「NOBLY(ノブリー)」はネットから話題のキーワードを抽出し、それぞれの盛り上がり度合いを指標化する日本経済新聞社発の新ツール。独自のアルゴリズムを使い、その時点まではあまり一般には知られていないが、何らかの理由で急に注目を集めたキーワードをあぶり出せる。本コラムはNOBLYが見つけ出した急上昇キーワードを紹介、その意味や注目を浴びた経緯を解説する。
NOBLYはオンライン百科事典「Wikipedia(ウィキペディア)」の閲覧数などを元データとして、注目キーワードをあぶり出す。2022年2月の月次集計で上位になったのが「DuckDuckGo(ダックダックゴー)」だ。2月の集計で急浮上したのは確かだが、別記事で示した「欧州経済領域(EEA)」の場合のような明確な契機は観察できない。NOBLYのデータからは、突如急浮上したというよりは、以前からジワジワと注目を集めつつあったことが見て取れる。
DuckDuckGoの2022年2月の月次順位は5436位。欧州経済領域の508位に比べると低いが、ジワジワと注目を集めつつある動向を重視して、今回はこのキーワードを取り上げる。
「個人情報を保存しない」検索エンジン
DuckDuckGoは、同名の米国企業が2008年から運営するインターネット検索エンジンである。検索エンジンの世界市場では、米Google(グーグル)が90%程度の圧倒的シェアを押さえるのに対し、DuckDuckGoは1%未満だとみられる。わずかなシェアにもかかわらず注目を集めるのは、Googleに対する対立軸を明確にしているからだ。

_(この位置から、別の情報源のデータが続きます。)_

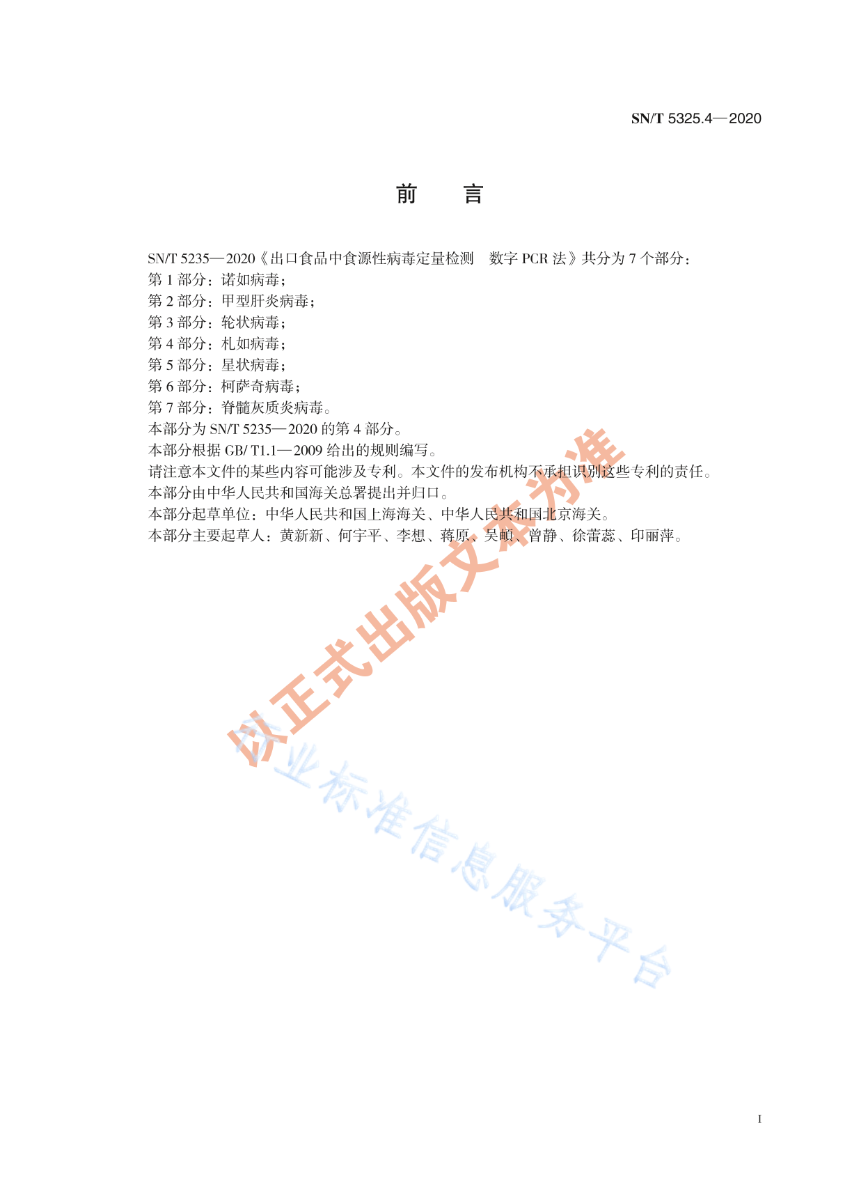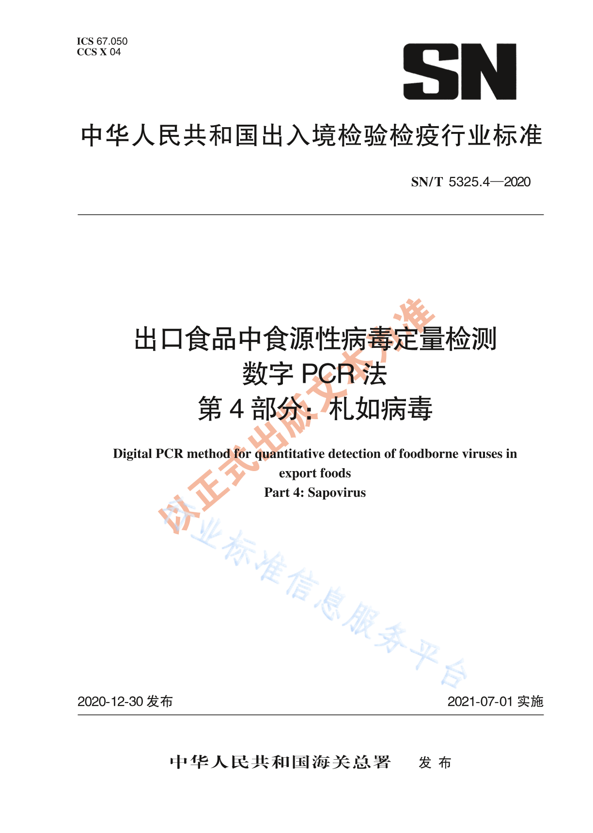 SN/T 5325.4-2020 出口食品中食源性病毒定量检测 数字PCR法 第4部分:札如病毒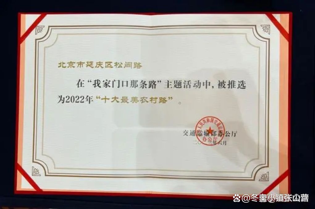 6月20日,在河北邢台,交通运输部主办了2023年“我家门口那条路”主题宣传活动,对2022年入选的“十大最美农村路”进行了颁奖,位于张山营镇的松闫路凭借两侧秀丽景观和在冬奥服务保障中发挥的重大作用,成为北京市唯一一条获此殊荣的农村道路。

DuckDuckGoのWebサイトには「私たちはあなたの個人情報を保存しません。絶対に。」と大書きされている。Googleは、個人の検索履歴を保持し、その個人にカスタマイズした検索結果を表示している。Googleが提供するGmailやYouTubeなど多数のサービスの利用状況も検索結果に反映される可能性がある。
一方で、DuckDuckGoは検索履歴を含む個人情報を取得しないとうたっている。巨大企業となったGoogleに個人情報を把握され、それが検索結果に表れるのを快く思わない人は少なくない。その場合に、DuckDuckGoは代替手段になり得る。